Because the speed of sound in air is relatively constant (approximately one foot or 0.3 meter per millisecond) for given atmospheric conditions, sound waves travelling in a very large room will experience fewer energy-absorbing collisions with the walls, floors, and ceiling per unit time than will similar sound waves travelling in a small room. Accordingly, sound waves in the large room decay less rapidly.
A listener in a reflective room receives a series of sound waves starting with the wave that reaches him on a direct path from the source. The reflected waves arrive at some time after the direct signal. The human ear derives from these differences in arrival times clues as to the size of the listening space.
When the reflections arrive so soon after the direct wave that they merge with it, the room "sounds" small. By contrast, larger differences in arrival times and more protracted reverberation tell the listener that he is in a large hall.

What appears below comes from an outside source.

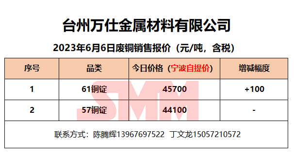6月6日台州万仕金属 废铜销售报价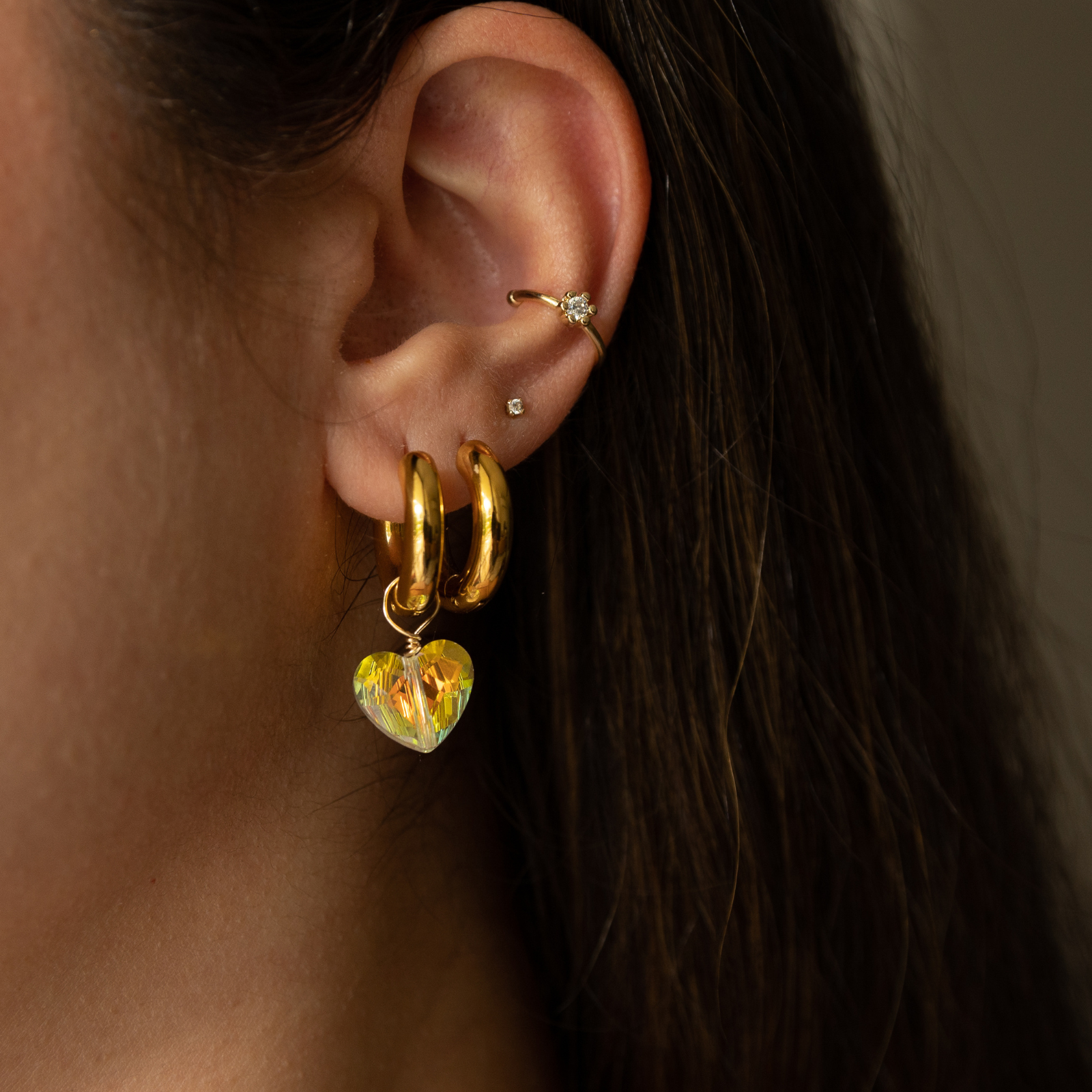Naciste ⟡ Crystal Charm Hoops are made with a heart-shape crystal that has an aurora borealis effect to show off your unique style! Have fun creating your unique designs with these hoops as you can easily add or remove charms to your liking. Our hoops are made of durable materials so you can wear everyday without fear of tarnish.

In operation, an audio delay line accepts signals from the main audio channels, stores them for a given amount of time, and then presents them to a power amplifier which drives one or more speaker systems. The speakers driven by the main-channel signals are placed in front of the listener, and the speaker(s) driven by the delayed information is (are) placed behind him or off to the sides. The goal is to synthesize the reverberative characteristics of the type of environment in which the recorded program material would ordinarily be performed.
Fig. 1. Block diagram of the bucket-brigade delay line. Compansion
is employed to keep dynamic range high.
Delaying the Signal. Various means, electromechanical and electronic, are available for providing delayed signals; but cost, complexity, and space requirements make most of these impractical for use in the home. It seems fair to say that use of delayed signals to enhance home music reproduction was brought about by the availability of purely electronic delay systems.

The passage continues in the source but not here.